Issue 235 | Correspondence | The Sun Magazine

Correspondence

I am distressed by the historical inaccuracies in Sy Safransky’s “This Land Is Your Land” [May 1995].

Navajos were not, as Safransky states, grazing sheep on high mesas before the white men came. Sheep ­— like horses — came to their land with the Spanish in 1540. Neither were the Navajos building homes, making pottery, weaving baskets, or growing wheat. Weaving and metalworking were learned from the Spanish and the Mexicans. Pottery was not important for the Navajos, but it was for the Pueblo Indians. And wheat, too, came over from Europe with both the Spanish and British.

Before white men came, the Navajos were a warlike, nomadic people. To state otherwise is to fall into the trap that Sherman Alexie warned Safransky about: promoting “the romantic myth of the spiritual Indian,” who was noble and perfect before the white man arrived. Such fantasies do none of us any good.

A lot of what Safransky says in his essay, however, is pertinent and interesting. As a Southwesterner, I blush to think that someone conned him into paying good money to spend a night on a hogan floor. It’s a little like Tom Sawyer and the whitewash.

Blythe Brennan Santa Fe, New Mexico
Sy Safransky responds:

Thanks to Blythe Brennan for setting the record straight. I should have distinguished between the arrival of Spanish settlers in the sixteenth century and of U.S. settlers three hundred years later — by which time the highly adaptable Navajos had borrowed much from Spanish and Pueblo Indian cultures, and were busy tending their flocks, peach orchards, and farms. Of course, this didn’t prevent the U.S. Army from rounding up the Navajos and sending them into exile. When Brennan calls the Navajos “warlike,” I wonder: compared to whom?

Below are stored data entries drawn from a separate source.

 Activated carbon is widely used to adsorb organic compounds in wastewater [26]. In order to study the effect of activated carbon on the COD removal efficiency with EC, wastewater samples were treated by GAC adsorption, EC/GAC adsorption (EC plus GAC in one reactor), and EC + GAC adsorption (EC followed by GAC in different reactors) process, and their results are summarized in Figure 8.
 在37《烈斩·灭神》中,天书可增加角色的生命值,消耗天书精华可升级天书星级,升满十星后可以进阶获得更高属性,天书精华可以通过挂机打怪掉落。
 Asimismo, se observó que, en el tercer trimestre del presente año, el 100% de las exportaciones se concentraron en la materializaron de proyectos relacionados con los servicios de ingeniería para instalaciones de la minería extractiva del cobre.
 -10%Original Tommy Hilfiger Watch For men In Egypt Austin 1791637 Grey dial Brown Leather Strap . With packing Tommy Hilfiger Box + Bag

I was incensed by “This Land Is Your Land.” It angered the part of me that is sick to death of tourists. Although I am Caucasian, I was raised on an Indian reservation. I read Safransky’s essay while on one of my frequent trips home to visit my parents.

Safransky writes, “It is easy to feel like an intruder here.” He and his wife are intruders. He eloquently describes the Navajos’ signs of discomfort at their presence, but also his own lack of respect for that discomfort. A tremendous sense of entitlement came through in the essay. He might as well have said, “We paid your price. You have no right to withhold the ingredients of the tea and the food from us.”

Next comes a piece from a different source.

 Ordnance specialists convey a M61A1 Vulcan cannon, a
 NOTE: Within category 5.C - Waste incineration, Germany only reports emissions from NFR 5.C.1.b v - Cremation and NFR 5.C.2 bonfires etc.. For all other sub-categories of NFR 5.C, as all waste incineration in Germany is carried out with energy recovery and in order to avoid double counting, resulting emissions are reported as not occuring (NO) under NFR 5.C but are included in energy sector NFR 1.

As a white person from an Indian reservation, I am used to carrying the burden of guilt and shame for this country’s history. Occasionally I feel that burden is imposed on me by an Indian, but this is rare. I have the knowledge to write an essay about the genocide committed against the native people of this country. I prefer, however, to let Native Americans write that story. Anything else feels to me like further theft of their culture.

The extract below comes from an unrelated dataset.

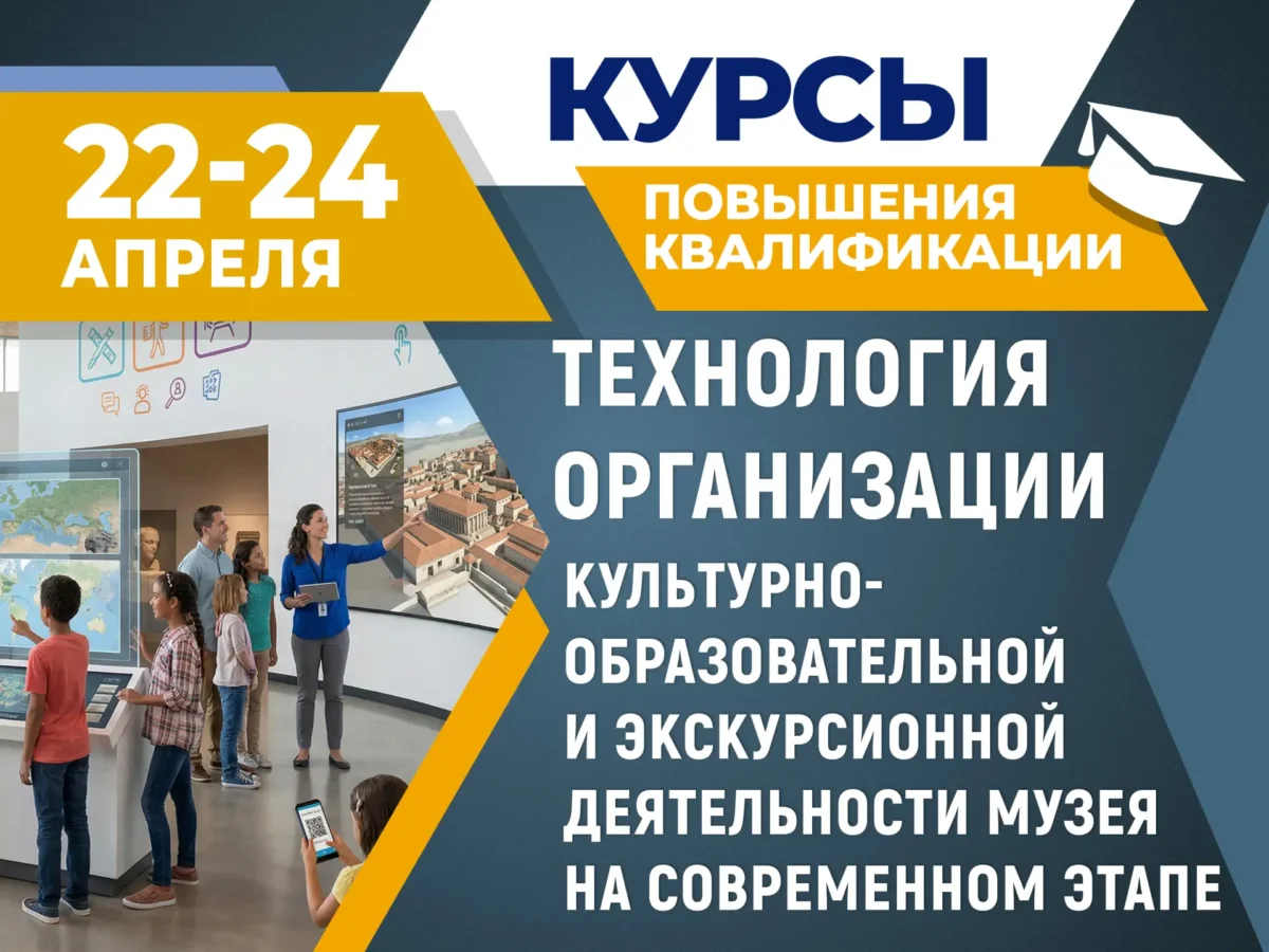 Приглашаем сотрудников музеев и учреждений музейного типа принять участие в обучении по дополнительной профессиональной программе повышения квалификации «Технология организации культурно-образовательной и экскурсионной деятельности музея на современном этапе».

Elizabeth Preston Oakland, California

I admire Andy Yale’s compassion [“Global Depression,” May 1995], and there is much in what he writes that is true. But it’s a conceit among smart, sensitive, romantic, left-leaning, self-aware people — and I count myself as one — to picture our present era as a unique descent into hell.

Life for the vast majority of human beings in past centuries was utter misery. There was no hot-and-cold indoor plumbing, no nice, clean, sanitary toilets. Half of all children died before they were twenty. Women regularly died in childbirth. Before the Victorian cleanliness movement, people were covered with lice and filled with parasites. In the average Colonial home, people were too busy surviving to worry about such trivialities as sanitation.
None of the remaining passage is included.